▶ [DIRECTIONS]: Return nothing but the lines from the one containing "- Frischkäse, Ei" through the end of the records below, exactly as they stand and without pictures.
*** Block opens ***
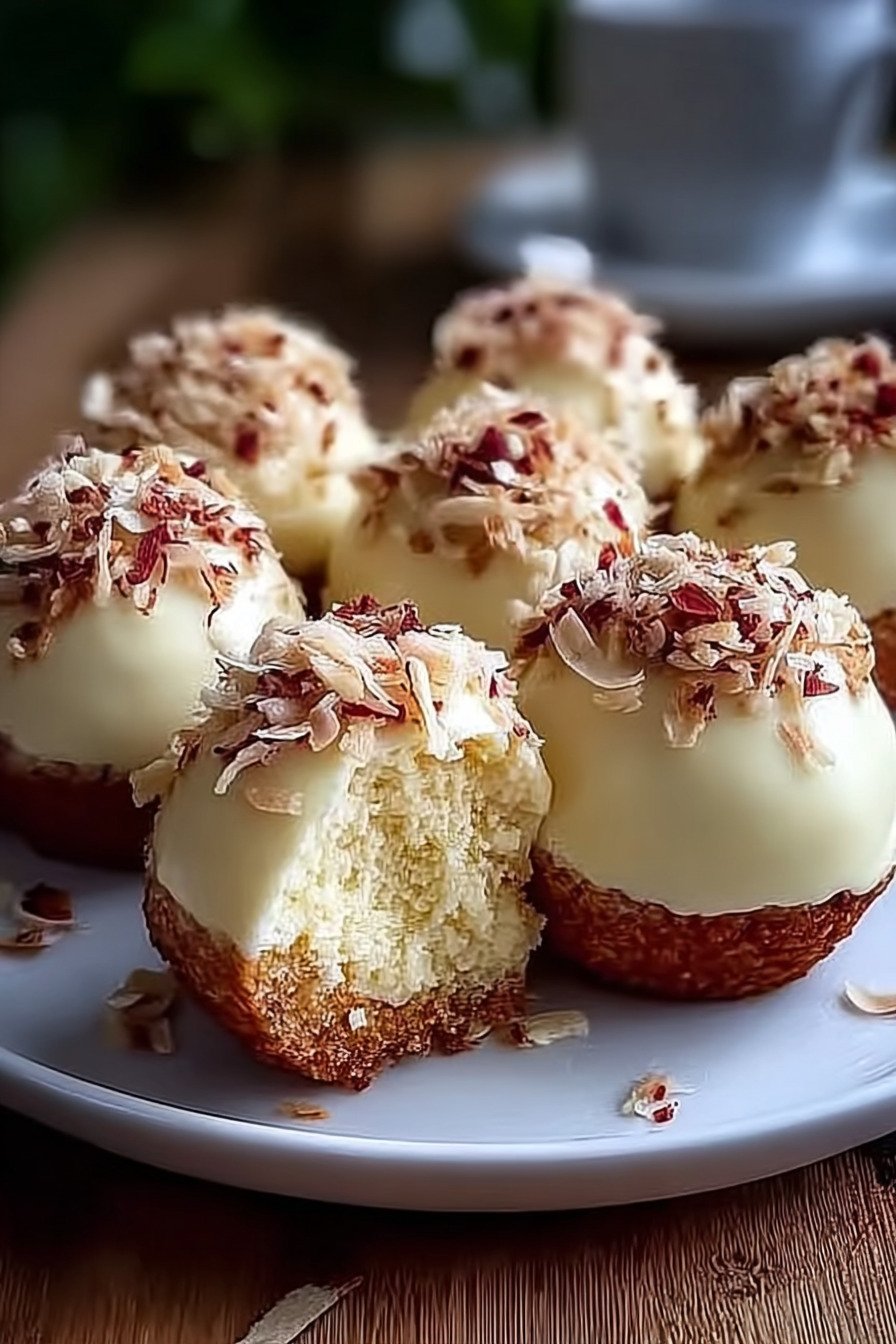 Schritt 6 Kugeln in Kokos wälzen oder kurz in Schokolade tauchen Erdbeerkrümel streuen
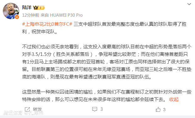 媒体人陆洋则认为,申花在亚冠取得首胜,却很可能在中超给自己带来“麻烦”,“三支中超球队首发最完整态度也最认真的球队取得了胜利,祝贺申花队。不过我们也必须无奈地看到,这支投入度最高的球队目前在中超的形势是落后两个对手3.5/1.5分,争冠希望比较渺茫;而在他们离榜首差距只有1分且马上主场踢成都之前的亚冠首轮,客场对江原也同样选择做出了很大的保留。目前联赛第三的位置很可能在来年无缘亚冠赛场,而亚冠三轮之后唯一不胜垫底的海港队,则是现在最有希望通过联赛冠军直通亚冠的队伍。”
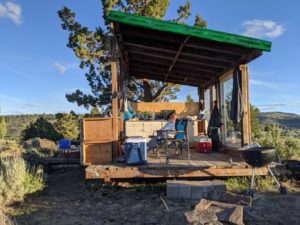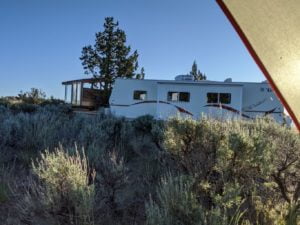 In the morning, despite it being the first thing I saw, the trailer did not look so massive or intrusive. I think being out in the open helps that too. Fortunately, I could still see the kitchen from my tent so it wasn’t like the trailer obliterated everything else and dominated the hill top. The area is just too big and open for that, so it had already begun to fit in. I got a fire going and coffee, made my morning constitutional, and greeted Mike as he emerged from the first night in the trailer. He was happy.
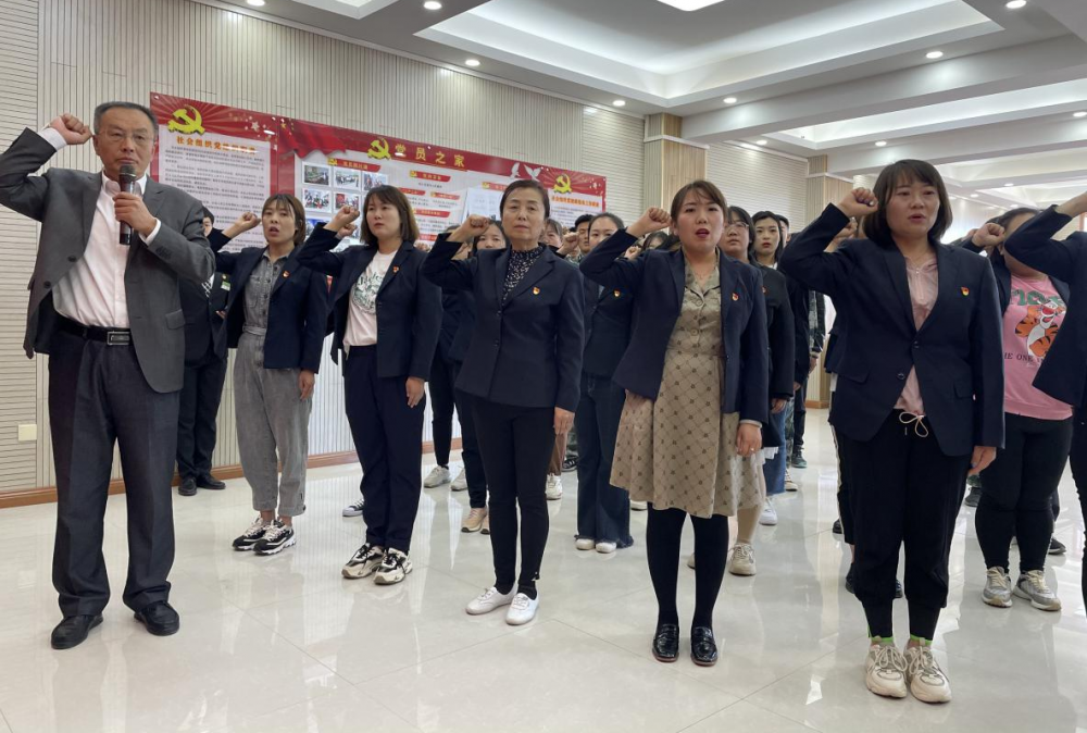 活动现场,全体党员、预备党员佩戴党徽,合唱《没有共产党就没有心中国》。举起右拳,面向党旗庄严宣誓。铿锵的誓词,坚定的承诺,让每一位党员同志的心灵再次受到震撼和洗礼。
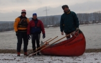 Königswinter Nachdem die Temperaturen samstags im zweistelligen Minusbereich waren liefen die Telefone heiß: Fahren wir oder nicht? Aber sonntags waren die Temperaturen - mit richtiger Kleidung - wieder erträglich und so machten sich 3 Kanuten auf den Weg nach Leubsdorf, um das Unternehmen "Eiswasserfahrt" anzugehen. Man traf sich recht früh um 9:00 Uhr, um endlich mal im Hellen am Bootshaus zu sein. Das Bootshaus in Sinzig hatte aber leider zu so früher Stunde noch geschlossen, so dass man sofort Richtung Kripp fuhr. Weil das Hotel "Rheingold" aber leider zu ist, kratzte man nebenan beim "XXL-Restaurant" um 10:50 Uhr an der Tür (Öffnungszeit ab 11:00 Uhr). Mit dem Hinweis "Es ist glatt hier" wurde aber die Tür geöffnet und es wurden sogleich 3 Warsteiner angezapft. Nachdem der Schneefall vorüber war und die XXL-Schnitzel gegessen waren, machten sich die drei dann auf den Weg gen Unkel, um vor den Kanuten des KC Unkel an deren Bootshaus zu sein. Was auch gelang. Hier trank man aber nur einen Glühwein - weil man ja im Hellen zu Hause sein wollte! Bei nachlassendem
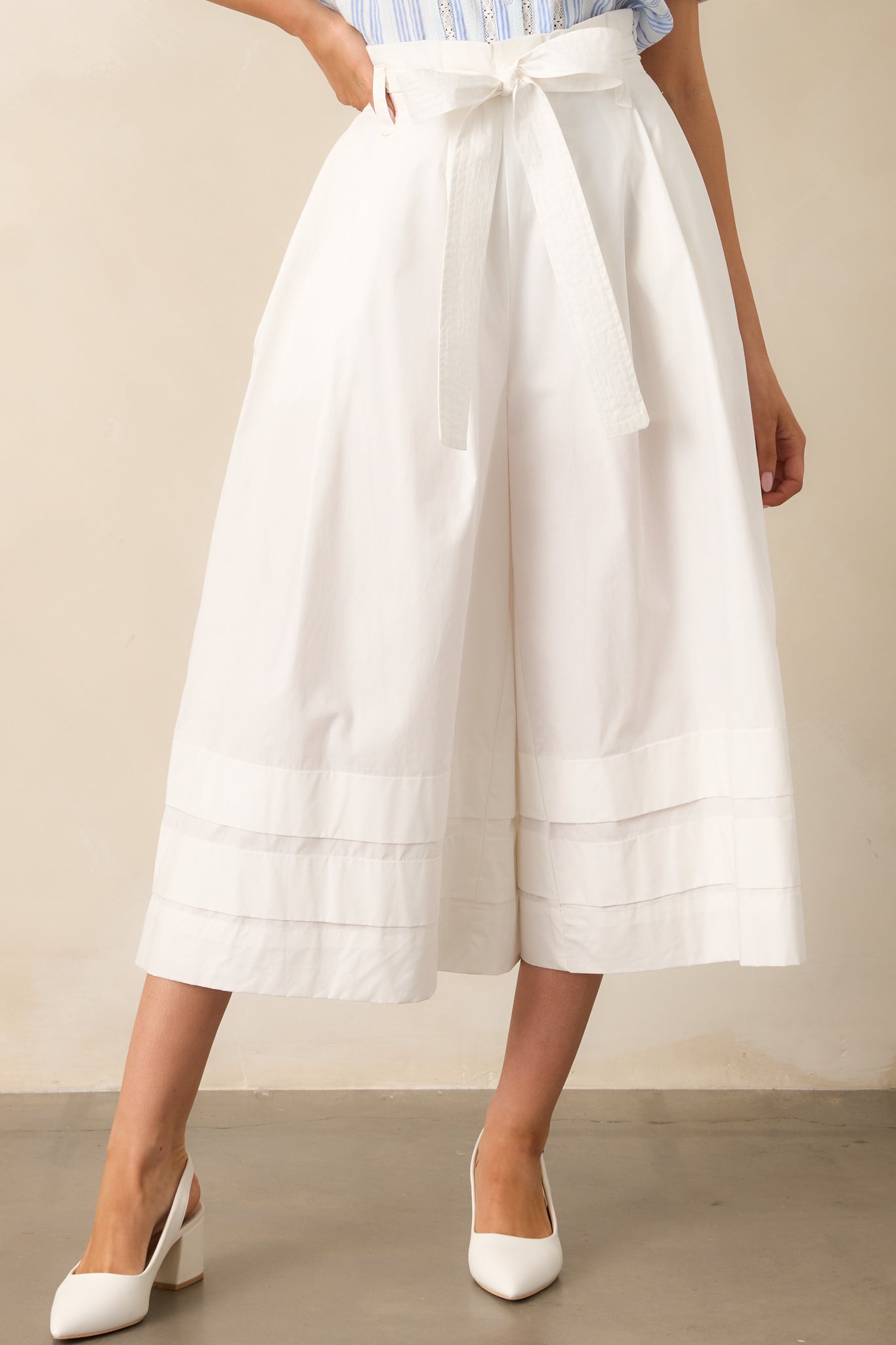 These Glimpse In Time 100% Cotton White Palazzo Pants are the perfect combination of style and comfort. With a wide leg design and cropped length. these pants will keep you looking stylish while also allowing for easy movement. The timeless white color is versatile and pairs well with any outfit. Stay in fashion with these unique and playful pants! These pants feature a high waisted design. a discrete side zipper. belt loops. a self-tie belt. functional pockets. a thick & folded hemline. and an extremely wide leg.
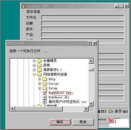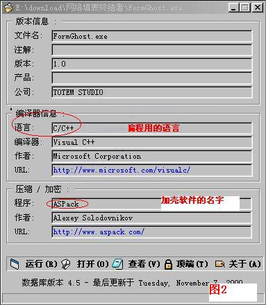 1、侦壳:先打开侦壳 language.exe,选择打开----找到要破解的网络填表终结者:FormGhost.exe,点确定,如图1。language.exe便显示出软件的壳是:Aspack,见winwin7分享的图片:
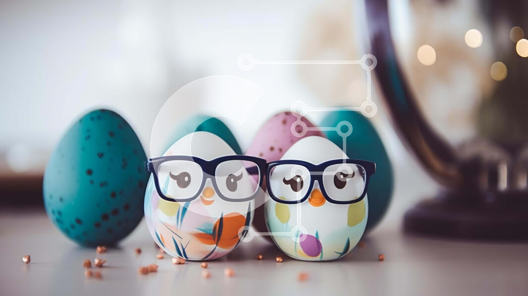 Intra Συλλεκτικό Ξύλινο Παζλ Plywood 4mm - Διακοσμημένα πασχαλινά αυγά με ποτήρια κουκουβάγιας Σε Ξύλινο Κουτί - Διαστάσεις: 10x10 cm – 25 κομμάτια
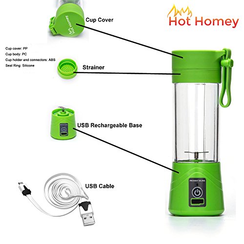 ? HotHomey Cup??is your unmarched quality personal usb juicer. Because we care for the environment, we worked hard with our suppliers to select the best material for this product. Hot Homey made with BPA free, eco-friendly and food grade material and takes as little as 60 seconds to mix a one serve protein shake or fruit blend.? Our blender comes with in-built safety feature to prevent unintended start which could result to injury. The Cup must be properly screwed to the base before your are able to start the unit. The blender also shuts down when over loaded to protect it from damage. If blender shuts down while in operation, reduce the load and start it again.? Our blender workes best for fruits chopped in cubes. While blending, shake blander for a much better experience. ? What is included: 1 Hot Homey USB Blender 1 Micro USB cable 1 English Instruction Manual ? Spacifications: Material ?Cup Cover - PP ?Cup Body - PC ?Cup Holder - ABS ?Seal Ring - Silicone Voltage: 3.6V; Battery Charge Time: 3 hours; Charge Source: USB (Cable included) Current: 10 - 12A No Load Speed: 22000rpm Full Load Speed: 15000rpm Cup Capacity: 380 ml We are always very proud of our product quality and that is why we offer you worry free purchase with our?100% Satisfaction Guarantee.?Yes! Our quality personal USB blender is backed by our manufacturer?30 days money back guarantee with 1 year free parts replacement. 0 |
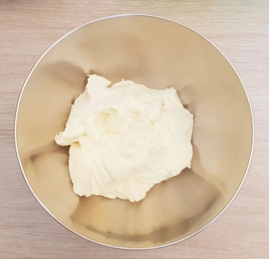 - Frischkäse, Ei und Gewürz sehr glatt miteinander verrühren. Zur Seite stellen.
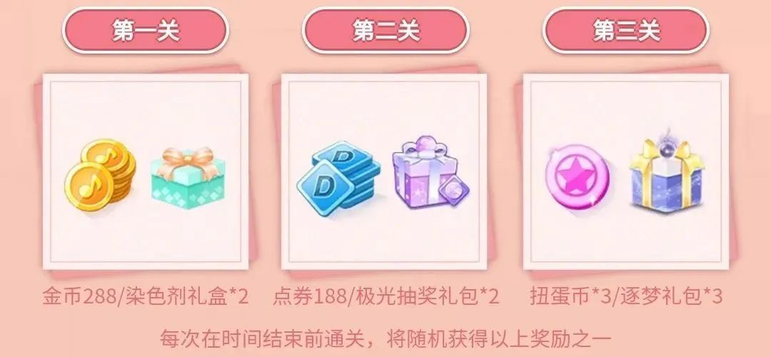 9月23日至10月6日期间,玩家通过邀请默契官玩家/完成页面任务获得时钟道具/开局次数(符合默契官玩家身份条件为:2023年9月23日0点后新注册账户的玩家或2023.9.1-2023.9.22未登录游戏的玩家),每通过“翻牌配对”小游戏一个关卡可随机获得金币*288/染色剂礼盒*2、点券*188/极光抽奖礼包*2、扭蛋币*3/逐梦礼包*3奖励之一;
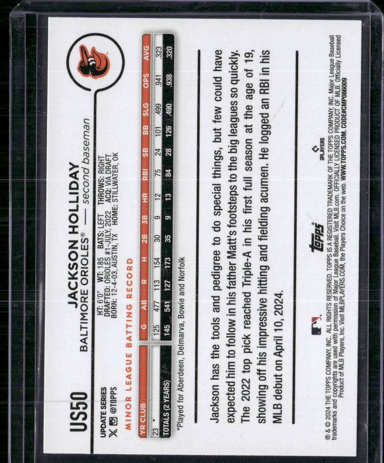2024 Update JACKSON HOLLIDAY #US50 Rookie
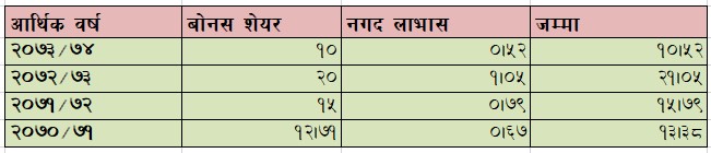 कम्पनीले आर्थिक वर्ष ७४/७५ को लाभांस घोषणा गर्न बाँकी नै छ ।
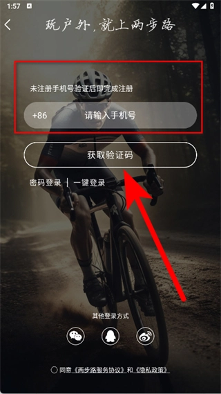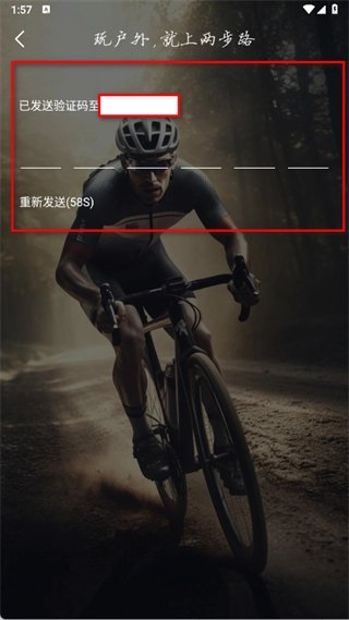 在验证码输入界面,填写接收到的验证码即可完成注册或登录操作。
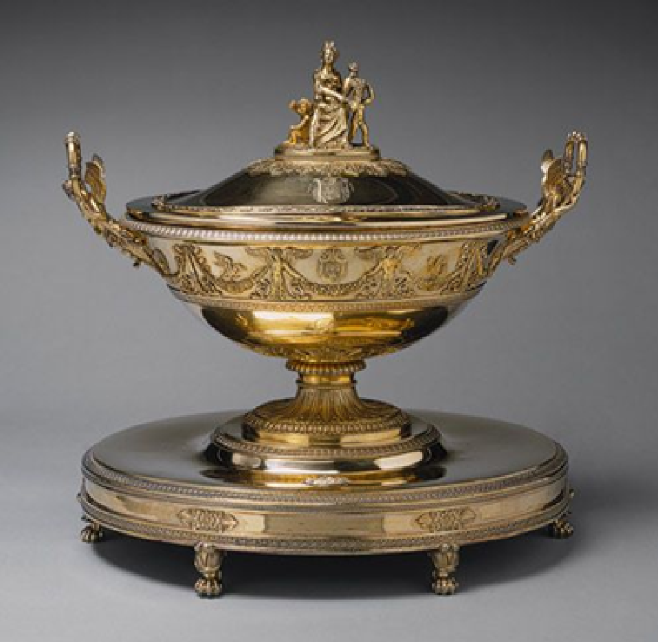 ชามซุปสไตล์นีโอคลาสสิกเคลือบทอง พร้อมหัวจุกตกแต่งรูปทรงสง่างามบนฐานกว้าง รับสินค้าได้ในราคาขายส่ง
*** Block closes ***
▶ [FINISHED EXERCISE]:
 - Frischkäse, Ei und Gewürz sehr glatt miteinander verrühren. Zur Seite stellen.
 9月23日至10月6日期间,玩家通过邀请默契官玩家/完成页面任务获得时钟道具/开局次数(符合默契官玩家身份条件为:2023年9月23日0点后新注册账户的玩家或2023.9.1-2023.9.22未登录游戏的玩家),每通过“翻牌配对”小游戏一个关卡可随机获得金币*288/染色剂礼盒*2、点券*188/极光抽奖礼包*2、扭蛋币*3/逐梦礼包*3奖励之一;
2024 Update JACKSON HOLLIDAY #US50 Rookie
 कम्पनीले आर्थिक वर्ष ७४/७५ को लाभांस घोषणा गर्न बाँकी नै छ ।
 在验证码输入界面,填写接收到的验证码即可完成注册或登录操作。
 ชามซุปสไตล์นีโอคลาสสิกเคลือบทอง พร้อมหัวจุกตกแต่งรูปทรงสง่างามบนฐานกว้าง รับสินค้าได้ในราคาขายส่ง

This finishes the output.